On Wednesday (Jan. 2), China's Chang'e 4 mission successfully carried out the first-ever soft landing on the moon's far side, a region full of celestial mysteries.
Often mistakenly called the "dark side" of the moon (it does receive sunlight), the far-side region is the back of Earth's natural satellite that is perpetually turned away from our planet. Chang'e 4 will collect data so that scientists can better understand the evolution and formation of the moon.
Chang'e 4 landed over a special, possibly insightful location. Von Kármán crater, a 115-mile-wide (186 kilometer) feature, is full of scientific potential. It's home to igneous rock that may reveal clues about the moon's internal structure, and includes fascinating volcanic constructs (mantle deposits that resemble the shape of Earth's cinder-cone volcanoes), secondary craters made by the ejecta of earlier impacts, landslides and more. [China's Chang'e 4 Returns First Images from Moon's Farside Following Historic Landing]
The formation of the moon may reveal clues about how the solar system evolved, and the basalt deposits found near the Chang'e 4 landing site may help scientists glean more about the past.
And one mystery is why the near side and the far side of the moon differ so drastically.
For one, the crust is much thicker on the far side, relative to the near side. "We don't really know why at this point," Mark Robinson, principal investigator with the Lunar Reconnaissance Orbiter Camera (LROC), wrote in an email to Space.com. LROC captures high-resolution black-and-white images and moderate resolution multispectral images of the lunar surface. "Samples from key locations on the nearside and farside would really help us tackle this question," Robinson said, and the Chang'e 4 mission could measure the mineralogical composition of these rocks.
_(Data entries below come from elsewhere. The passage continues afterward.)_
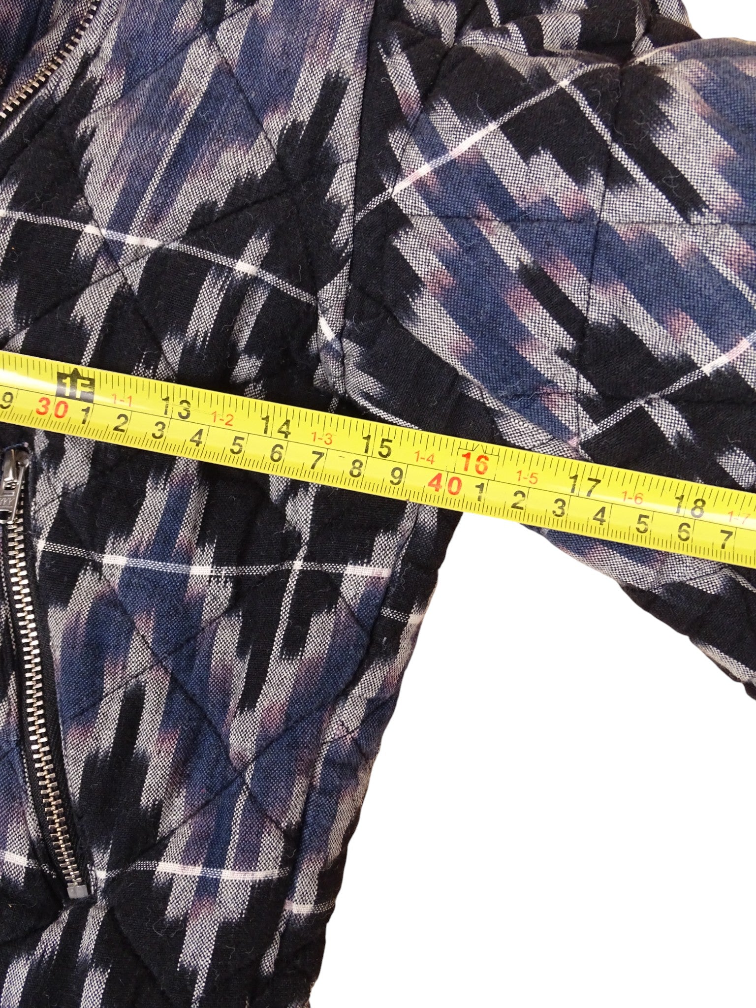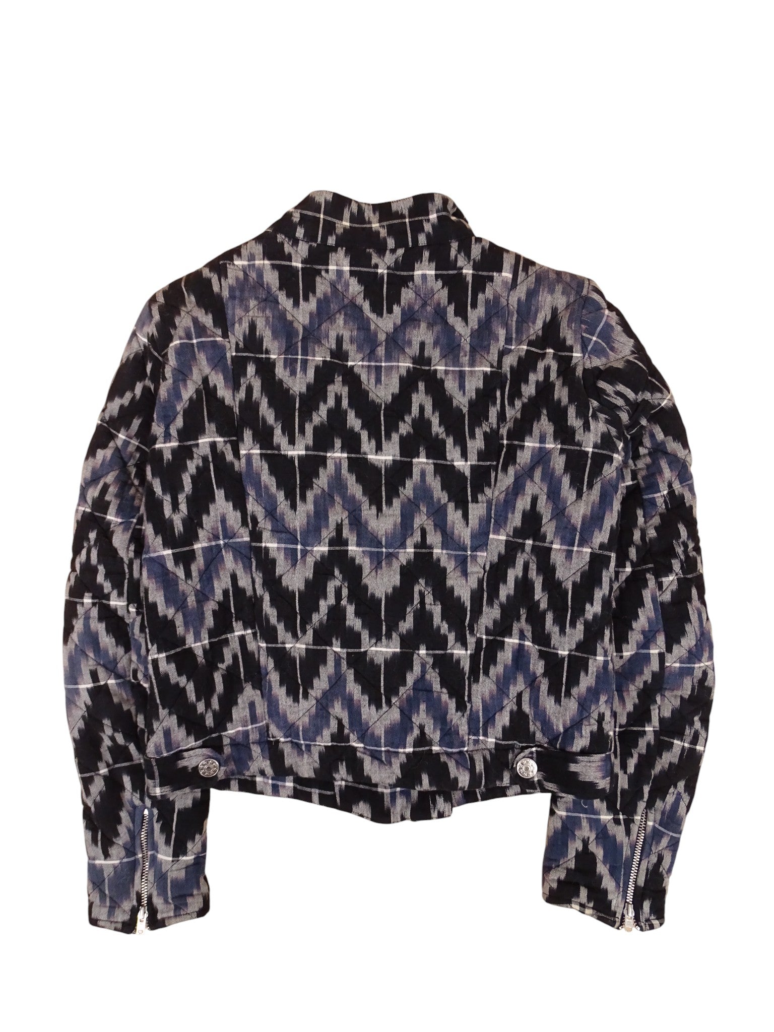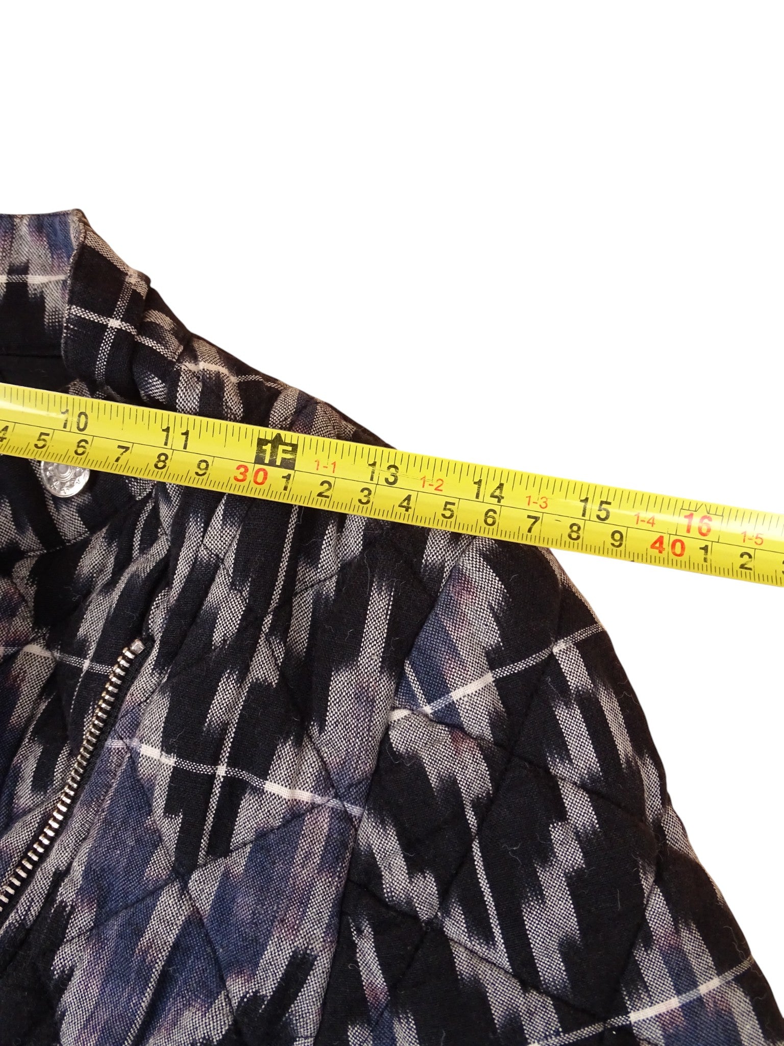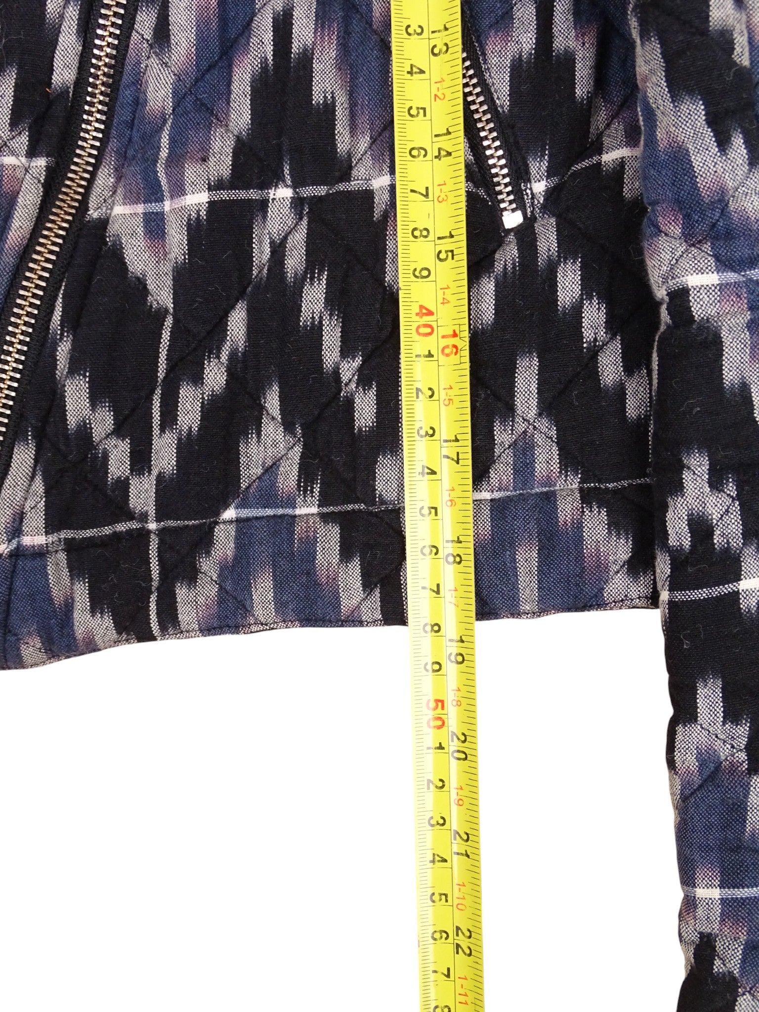 Veste Soeur en coton zippée, marine et blanche à motifs, taille S femme. Bon état général, quelques bouloches (voir photos).
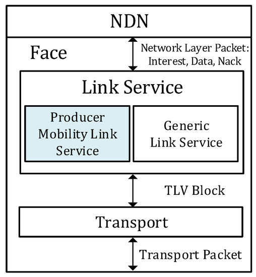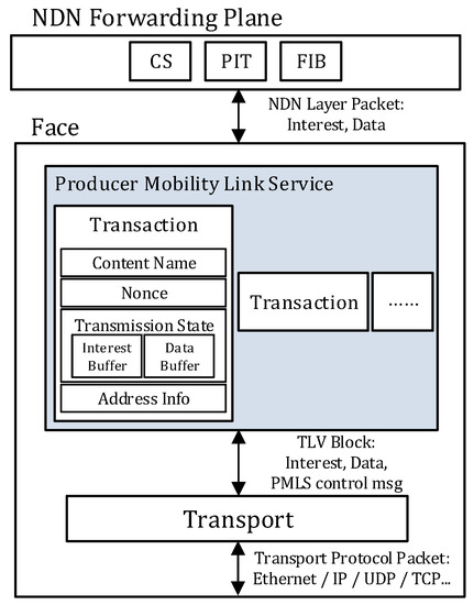 As shown in Figure 2, the PMLS is added at the link service to conceal the link breakage caused by the movement of the producer. The PMLS supports two additional functionalities: one is the re-establishment of the link and the other is the re-synchronization of the on-going transmission. To re-establish the connection, the PMLS at NAR has a special transport that accepts the connection recovery request from the PMLS at the NMP. When the NDN face of the NMP detects relevant movement, the PMLS sends the Face Update message to the peer PMLS via the special transport at the previous NAR. Then, both PMLSs create new transports to connect to each other.
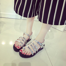 2016新款夏季欧美铆钉细带镂空厚底松糕鞋罗马女式套趾平底凉鞋潮
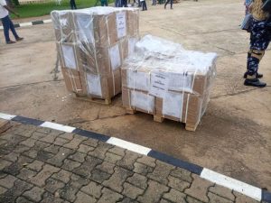 The INEC team, led by the National Commissioner and Chairman, Information, Voter Education and Publicity Committee of the commission, Festus Okoye, are currently in the premises of the Central Bank of Nigeria (CBN) distributing the materials to the LGAs.

The lunar far side also contains less potassium and phosphorus than the near side does, which puzzles scientists.
In addition, the far side's surface generally looks rougher, with the exception of Von Kármán crater, research scientist Heather Meyer, who works with the LROC science team, wrote in an email to Space.com.
"The nearside is dominated topographically by the presence of large basins that have been filled to the brim with basaltic lava flows (or mare deposits), making it relatively flat and smooth and erasing any small- to mid-sized craters that may have formed," Meyer said.
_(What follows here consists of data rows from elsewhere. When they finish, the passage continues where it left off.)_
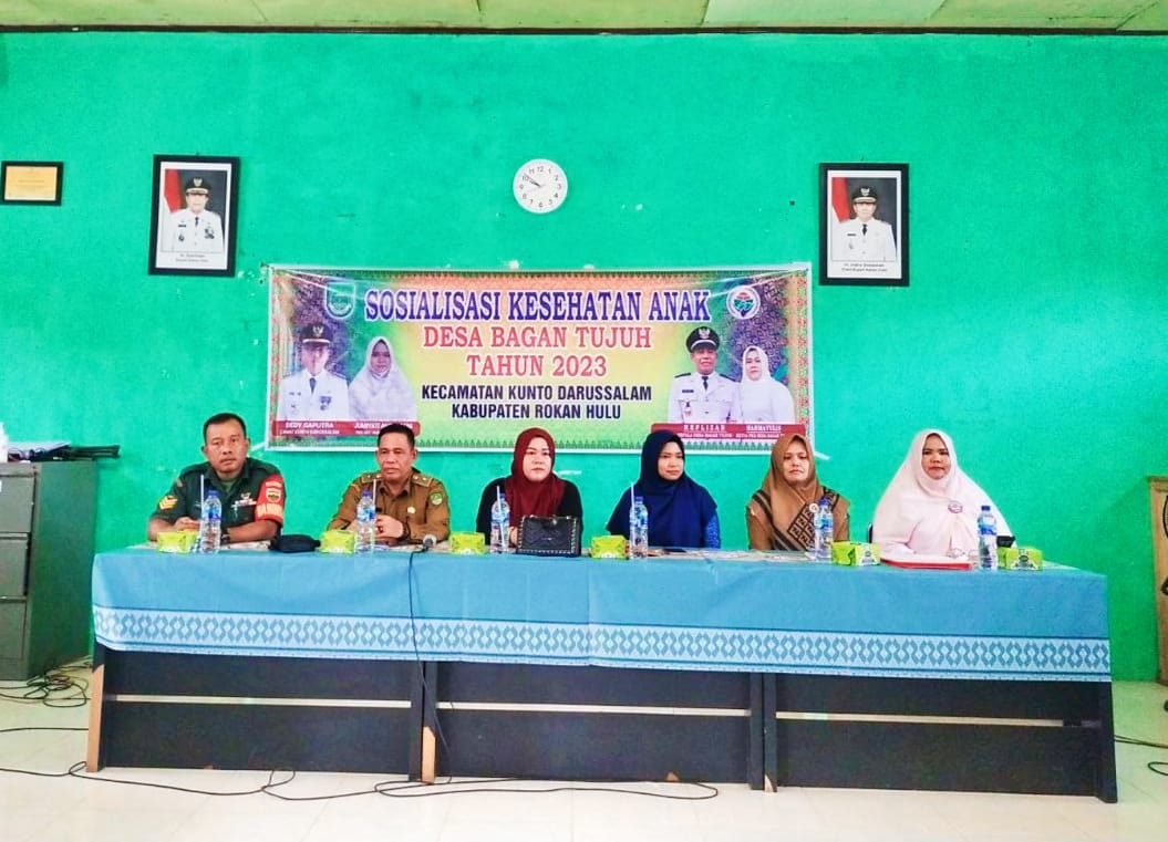Rokan Hulu, reportaseindonesia.id | Bintara Pembina Desa (Babinsa) Koramil 10 Kunto Darussalam Kodim 0313/KPR, Serka MJ. Ginting menghadiri kegiatan Sosialisasi Kesehatan Anak diaula Kantor Desa Bagan Tujuh, Kecamatan Kunto Darussalam , Kabupaten Rokan Hulu, Rabu (5/7/2023).
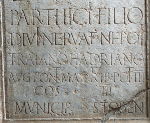 - Imp(eratori) Caes(ari) / divi Traiani / Parthici filio / divi Nervae nepoti / Traiano Hadriano / Aug(usto) pont(ifici) max(imo) trib(unicia) pot(estate) III / co(n)s(uli) III / municip(ium) Stoben(sium)
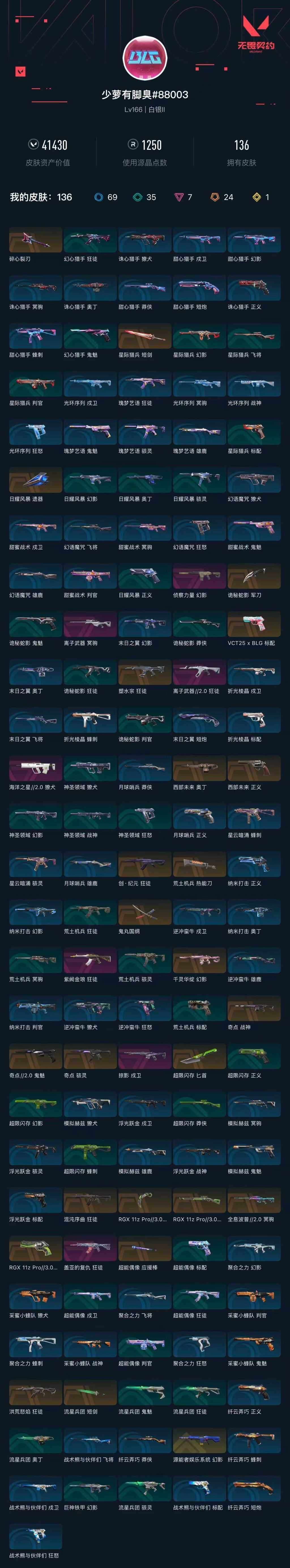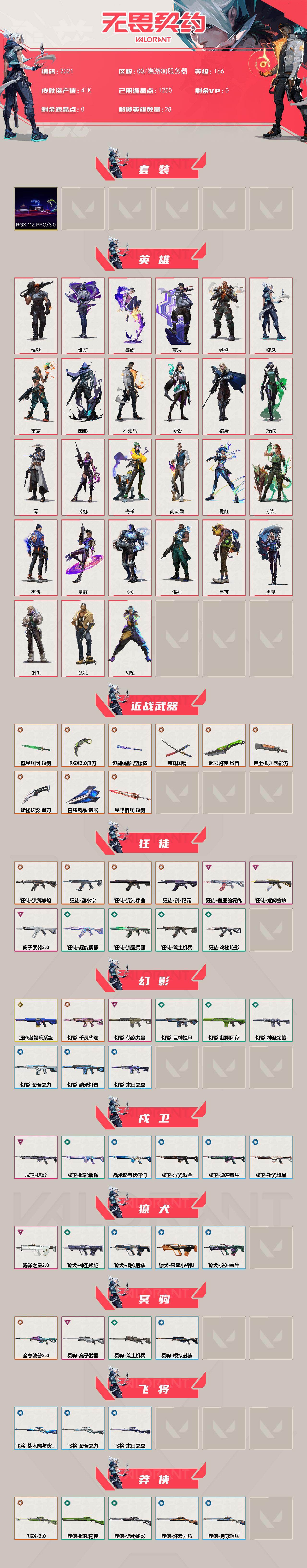 [16232200]【套装】:rgx 11z pro//3.0套装 【英雄】:幻棱,炼狱,维斯,暮蝶,钛狐,壹决,铁臂,捷风,雷兹,幽影,不死鸟,贤者,猎枭,蝰蛇,零,芮娜,奇乐,尚勃勒,霓虹,斯凯,夜露,星礈,k/o,海神,盖可,黑梦,钢锁 【近战武器】:近战武器-rgx 11z pro//3.0 爪刀,近战武器-鬼丸国纲,近战武器-流星兵团 短剑,近战武器-超能偶像 应援棒,近战武器-超限闪存 匕首,近战武器-荒土机兵 热能刀,近战武器-诡秘蛇影 军刀,近战武器-日耀风暴 遗器,近战武器-星际猎兵 短剑 【狂徒】:狂徒-洪荒怒焰,狂徒-混沌序曲,狂徒-塑水宗,狂徒-创·纪元,狂徒-盖亚的复仇,狂徒-紫阙金琅,狂徒-离子武器//2.0,狂徒-超能偶像,狂徒-荒土机兵,狂徒-流星兵团,狂徒-诡秘蛇影 【幻影】:幻影-源能者娱乐系统,幻影-千灵华绽,幻影-侦察力量,幻影-超限闪存,幻影-巨神铁甲,幻影-神圣领域,幻影-聚合之力,幻影-纳米打击,幻影-末日之翼 【戍卫】:戍卫-掠影,戍卫-超能偶像,戍卫-浮光跃金,戍卫-逆冲蛮牛,戍卫-战术熊与伙伴们,戍卫-折光棱晶 【獠犬】:獠犬-海洋之星//2.0,獠犬-神圣领域,獠犬-采蜜小蜂队,獠犬-模拟赫兹,獠犬-逆冲蛮牛 【冥驹】:冥驹-全息波普//2.0,冥驹-离子武器,冥驹-荒土机兵,冥驹-模拟赫兹 【飞将】:飞将-聚合之力,飞将-战术熊与伙伴们,飞将-末日之翼 【莽侠】:莽侠-rgx 11z pro//3.0,莽侠-超限闪存,莽侠-诡秘蛇影,莽侠-纤云弄巧,莽侠-月球哨兵 【战神】:战神-奇点,战神-神圣领域,战神-采蜜小蜂队,战神-浮光跃金 【奥丁】:奥丁-西部未来,奥丁-流星兵团,奥丁-纳米打击,奥丁-末日之翼 【判官】:判官-超能偶像,判官-诡秘蛇影,判官-采蜜小蜂队,判官-纳米打击x 【雄鹿】:雄鹿-模拟赫兹,雄鹿-逆冲蛮牛,雄鹿-月球哨兵 【骇灵】:骇灵-奇点,骇灵-荒土机兵,骇灵-流星兵团,骇灵-浮光跃金,骇灵-星云暗涌 【蜂刺】:蜂刺-超限闪存,蜂刺-聚合之力,蜂刺-纤云弄巧,蜂刺-星云暗涌,蜂刺-折光棱晶 【标配】:标配-超能偶像,标配-荒土机兵,标配-浮光跃金,标配-战术熊与伙伴们,标配-折光棱晶 【vct手呛】:标配-vct25 x blg 【正义】:正义-rgx 11z pro//3.0,正义-西部未来,正义-超限

But the moon's other side looks very different.
"However, the farside contains fewer large impact basins, and the few that do exist on the farside are not completely filled with lava flows," Meyer said. "As such, the farside displays a broader range of elevations and a lot more small- to mid-sized craters, making the surface appear more rough."
The one neighborhood that doesn't fit this trend is the South Pole-Aitken basin, the region that contains Chang'e 4's new home, Von Kármán crater. The basin, like the near side of the moon, is covered in a smooth layer of lava deposits.
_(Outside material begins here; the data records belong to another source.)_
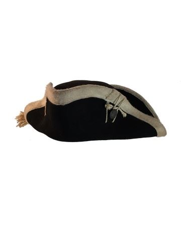 The Patriot (2000) - Tricorn hat as worn by British Enlisted Soldiers, on-screen, in the 2000 film "The Patriot". Black portion of hat is felt, with decorative cotton embroidery around the top. Cockade (ribbon and button) on left side of hat with nylon rope around the top of the hat. From Todd Fisher/Debbie Reynolds archives.
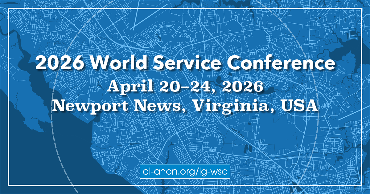 The 66th World Service Conference (WSC) will take place April 20–24, 2026 in Newport News, Virginia, USA. The WSC is “Al‑Anon’s annual business meeting, which is attended by all Delegates from the World Service Conference Structure, representatives from other countries, members of the Board of Trustees and Executive Committee, voting members of the World Service Office (WSO) administrative Staff, and other WSO personnel. The Conference provides guidance to the WSO on service matters that are brought to its attention” (“World Service Handbook” section of the Al‑Anon/Alateen Service Manual [P-24/27], page 141).
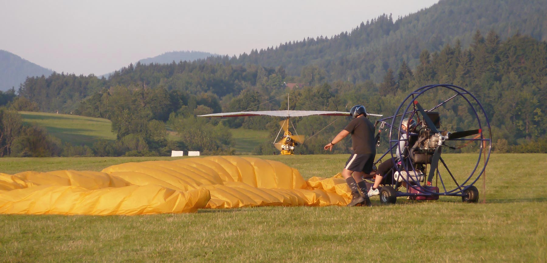 nebo ultralehký vrtulník. Sleduji ale hlavně Vláďu s našim motorovým rogalem.
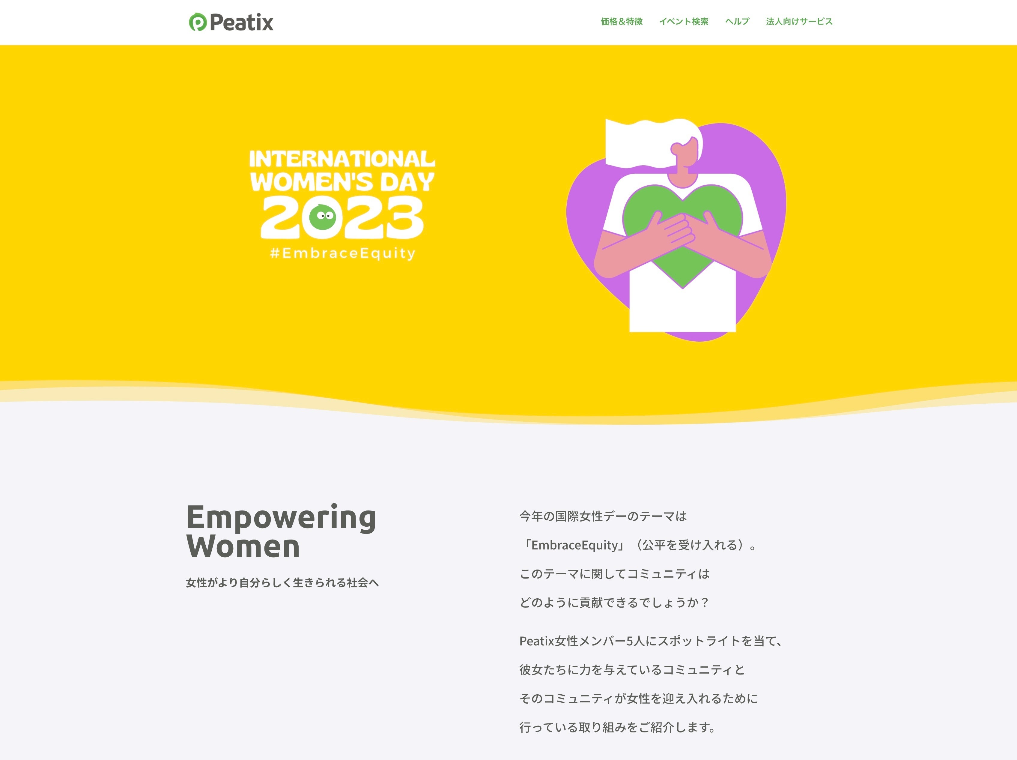 イベント・コミュニティプラットフォーム「Peatix」、国際女性デーに合わせて、女性をエンパワーする3つの取り組みを実施

The South Pole-Aitken basin is over 1,367 miles (2,200 kilometers) wide, making it the largest observed impact structure on the moon, and according to the LROC team, it's possible that the collision penetrated through the entire crust.
According to Meyer, this basin is one of the most ancient and poorly understood lunar terrains. Chang'e 4 is a "step in the right direction" toward answering questions about how the basin's formation affected the thermal and compositional evolution of the moon's far side, she added. Some of those mysteries include how old the SPA basin is and how its formation affected volcanism in the far-side crust.
The Visible Near Infrared Spectrometer (VNIS), Panoramic Camera (PCam) and Lunar Penetrating Radar (LPR) instruments on Chang'e 4 will aid in making scientific interpretations about the mysterious far side of the moon.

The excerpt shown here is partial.